Methods to Find Target Heart Rate:
-
Karvonen Formula:
- A mathematical formula that factors in your resting heart rate to determine target heart rate zones.
-
Target Heart Rate Chart:
- A chart that correlates age and exercise intensity to identify the target heart rate.
-
Heart Rate Detection Devices:
- Activity monitors and chest strap heart rate monitors, such as Fitbit and Whoop, use age and resting heart rate to calculate and display heart rate zones during exercise.
Heart Rate Zones:
-
Low Intensity (40 to 50% Max Heart Rate):
- Ideal for beginners and warm-ups.
- Benefits include improved blood circulation and activity over sedentary behavior.
-
Moderate Intensity (50 to 70% Max Heart Rate):
- Recommended for building fitness and weight loss.

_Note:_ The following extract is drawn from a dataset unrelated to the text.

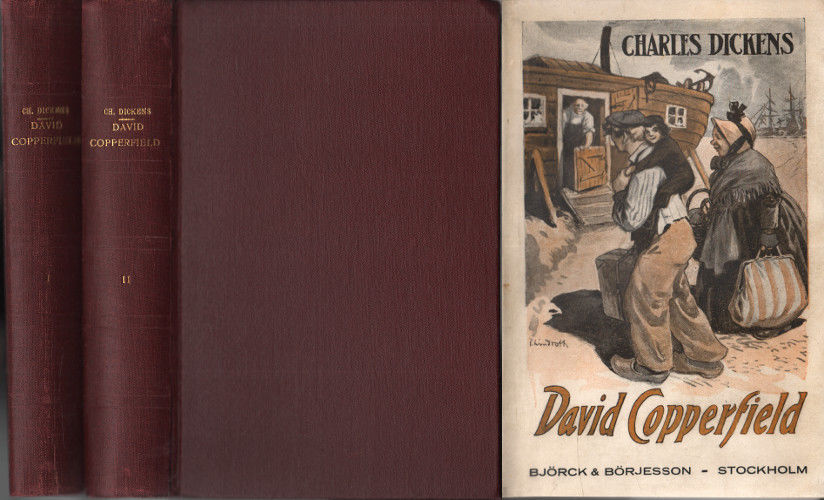 Översättning från engelskan av H. Flygare. Stockholm: Björck & Börjesson, 1923. Andra svenska upplagan av denna utgåva. 934 s. 2 volymer i privatbundna klotband med obetydliga bruksspår, båda främre omslagen medbundna. Med inklistrat vykort föreställande Charles Dickens på det klistrade försättsbladet i första delen.
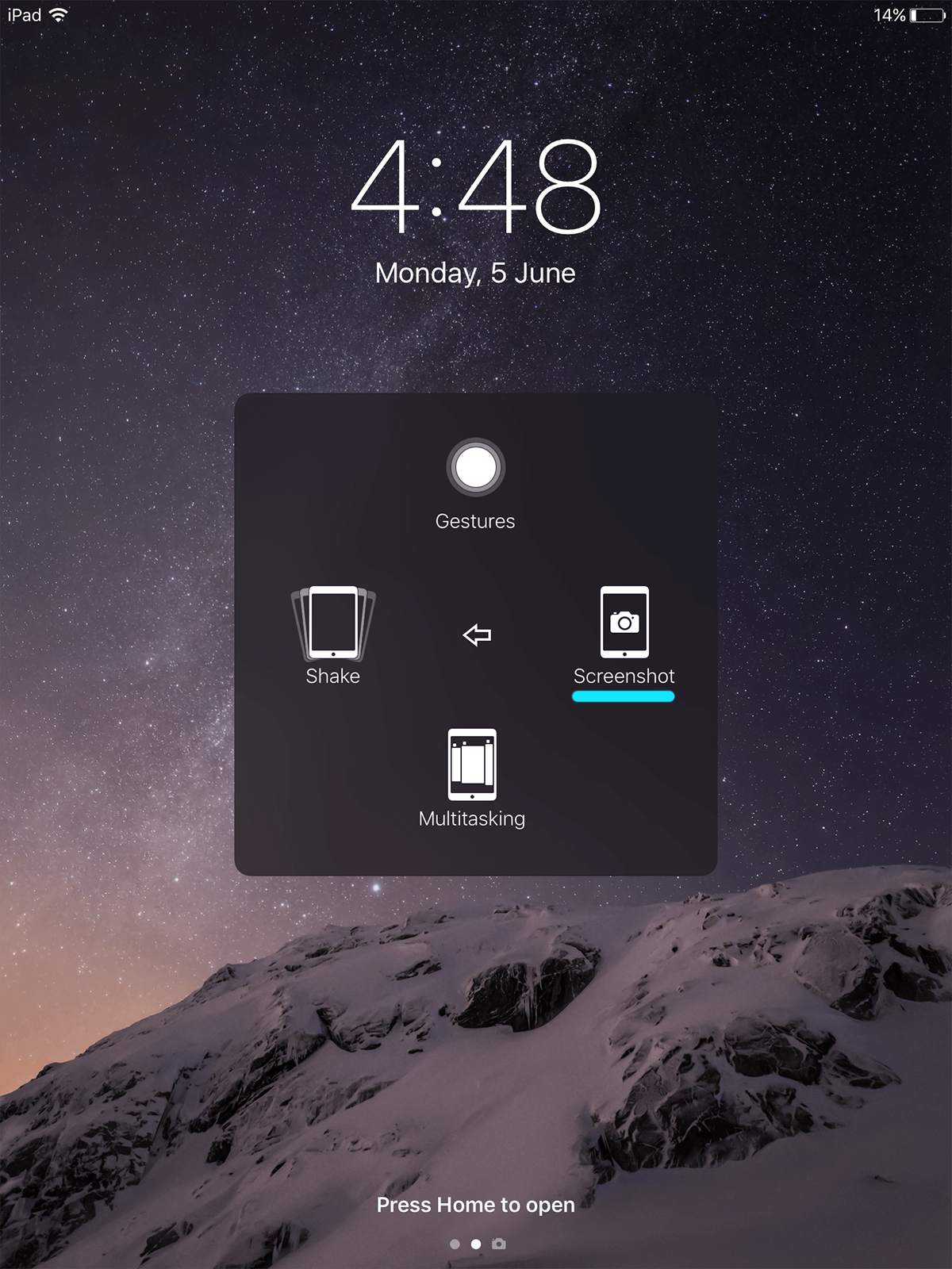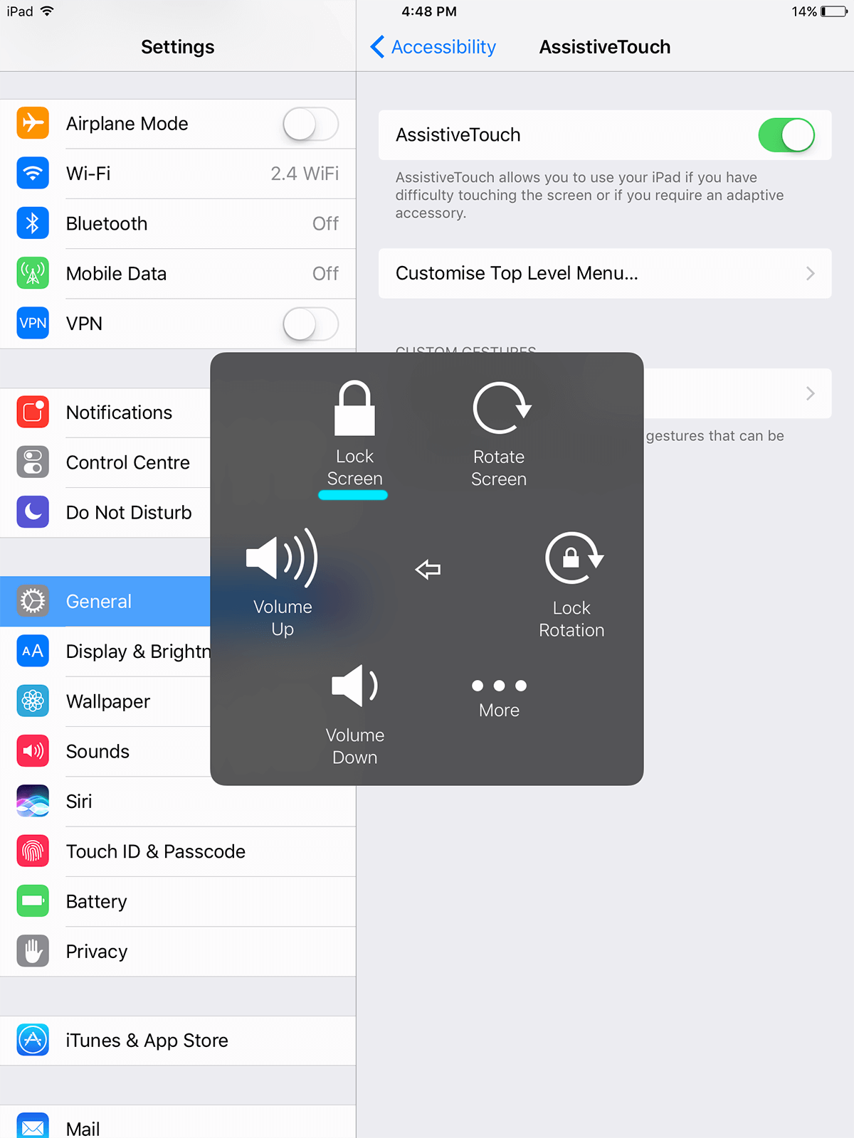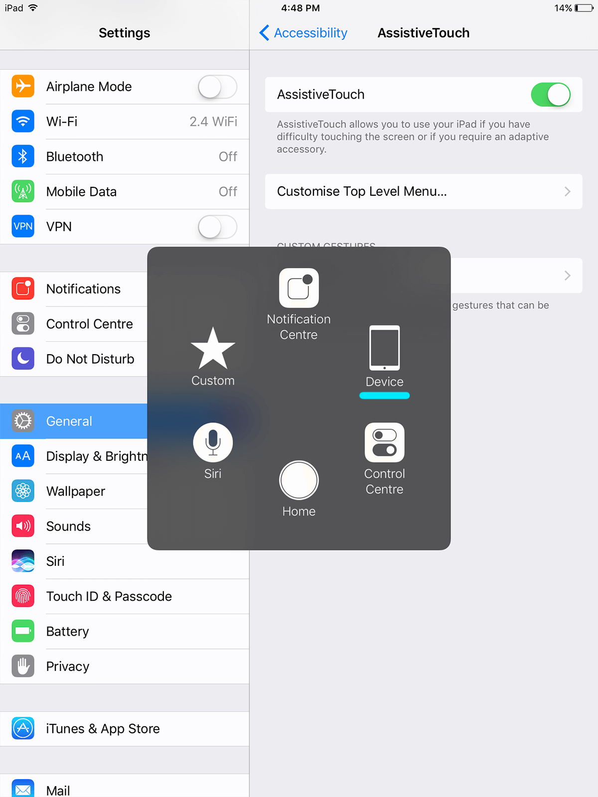 Once you have configured the above. Tap on the hovering Assistive Touch icon to bring up the menu.

- Enhances oxygen transport and heart conditioning.
- 150 minutes of moderate-intensity cardio per week is advised.
-
High Intensity (70 to 85% Max Heart Rate):
- Burns more calories, improves aerobic fitness and VO2 max.
- Requires 75 minutes per week in bouts of at least 10 minutes.
-
Maximum Effort (85 to 100% of Max Heart Rate):
- Reserved for advanced exercisers.
- Involves all-out sprints or very high-intensity interval training.
Benefits of Varied Workouts:
Enjoying workouts in each heart rate zone provides diverse benefits, contributing to overall physical fitness. The article emphasizes the importance of mixing up workout intensities for variety and highlights that exceeding minimum exercise recommendations has additional health benefits.
Conclusion:
Incorporating these principles into your fitness routine ensures a well-rounded approach to cardiovascular exercise. Whether you're a beginner or an advanced athlete, understanding and utilizing target heart rate zones can significantly enhance the effectiveness of your workouts and contribute to long-term health and fitness goals.
Sources:
- Brigham and Women’s Hospital: Your target heart rate.
- Benson RT, Connolly D. Heart Rate Training (Second Edition). Human Kinetics. 2020.
- US National Library of Medicine. Health risks of an inactive lifestyle.
- American Council on Exercise. How to start an exercise program.
- Centers for Disease Control and Prevention. Physical activity for a healthy weight.